Chu Luohan menggelengkan kepalanya, "Tidak perlu. Kamu antarkan saja aku ke rumah sakit. Aku akan pergi sendiri."

Maybach putih melaju dengan sangat cepat. Ini adalah pertama kalinya Chu Luohan mengendarai mobil dengan secepat ini. Rasanya cukup menyenangkan.

Mobil tersebut berhenti di depan gedung MBK. Chu Luohan melepaskan sabuk pengaman, kemudian beranjak keluar dari mobil. Tiba-tiba sebuah sosok muncul di hadapannya.

Mo Rufei mengenakan rok panjang merah muda dan berjalan langkah kaki yang anggun. Dia mengenakan kacamata hitam dengan riasan wajah yang tebal serta tas tangan bertahtakan berlian di tangannya. Langkahnya sangat ringan sangat menawan. Sebagai wanita hamil, dia malah mengenakan sepasang high heels berukuran sepuluh sentimeter dan berlagak sebagai seorang bintang

Terdapat beberapa pengawal yang mengikutinya dari belakang dan menahan para fans yang ingin meminta tanda tangan dan foto bersama. Gedung MBK tidak dapat didekati oleh sembarangan orang. Sebagian para fansnya adalah orang yang bekerja di gedung MBK.

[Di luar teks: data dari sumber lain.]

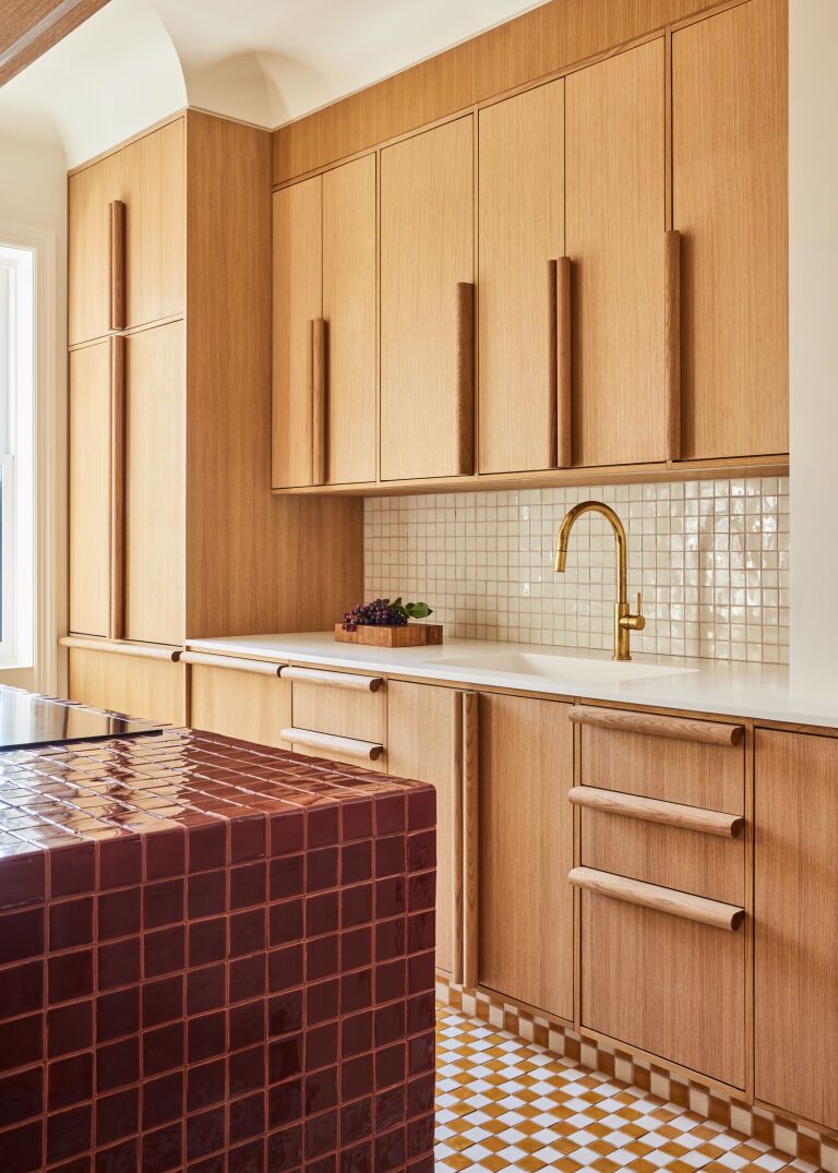 Теплые тона, дубовое дерево и блестящая керамическая плитка создали в этой нью-йоркской квартире уютную атмосферу.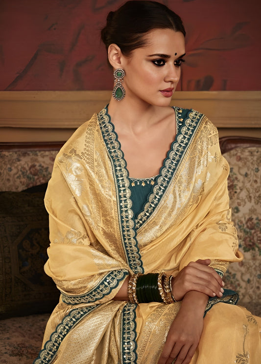 EKKTARA Saree For Women Golden Yellow Colour Dola Silk Saree With Embroidery Work Unstitched Blouse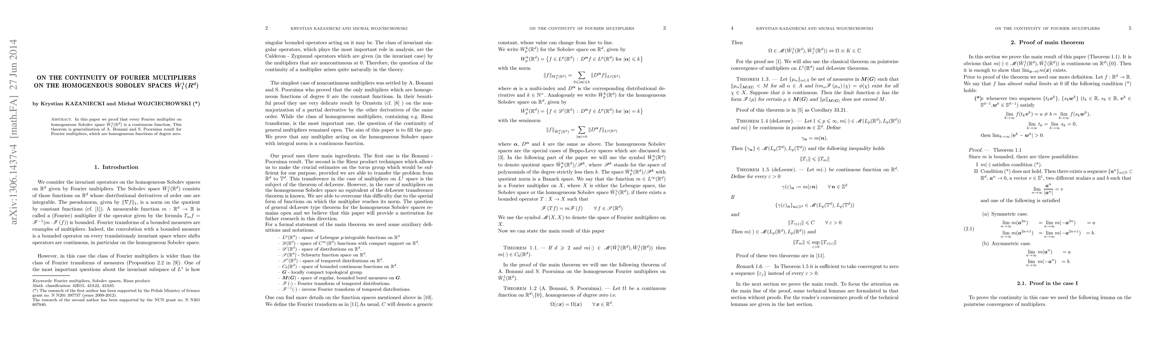 In this paper we proof that every Fourier multiplier on homogeneous sobolev space $\dot{W}_1^1(\mathbb{R}^d)$ is a continuous function. Our theorem is generalization of A. Bonami and S. Poornima result for Fourier multipliers, which are homogeneous functions of degree zero.

Chu Luohan memandangi Mo Rufei. Sikapnya sangat memuakkan. Tidak disangka, Mo Rufei berjalan memasuki mobil Long Xiao! Terlihat Yang Sen sedang duduk di kursi supir.

Apa maksudnya? Chu Luohan merasa kebingungan dan kesal. Mo Rufei datang mencari Long Xiao. Mereka pasti membicarakan pesta malam ini.

Mo Rufei menganggap dirinya sebagai nyonya keluarga Long. Apakah dia ingin memamerkannya kepada semua orang?

Chu Luohan mengeluarkan ponselnya, kemudian menelepon Long Xiao. Waktu belum menunjukkan jam pulang kantor. Dia pasti sedang sangat sibuk.

Tak disangka, beberapa saat kemudian Long Xiao menjawab panggilan tersebut, "Sudah sampai?"

Chu Luohan menganggukkan kepalanya. Dia merasa sangat bodoh. Long Xiao tidak bisa melihat anggukkan kepalanya! "Aku baru sampai. Aku ada di depan gedung."

Suara di dalam telepon sangat berisik. Terdengar beberapa suara aneh yang kadang membesar dan mengecil. Apa yang sedang Long Xiao lakukan?

Setelah 3 menit menunggu, Long Xiao pun menjawabnya, "Apakah kamu menyetir sendiri?"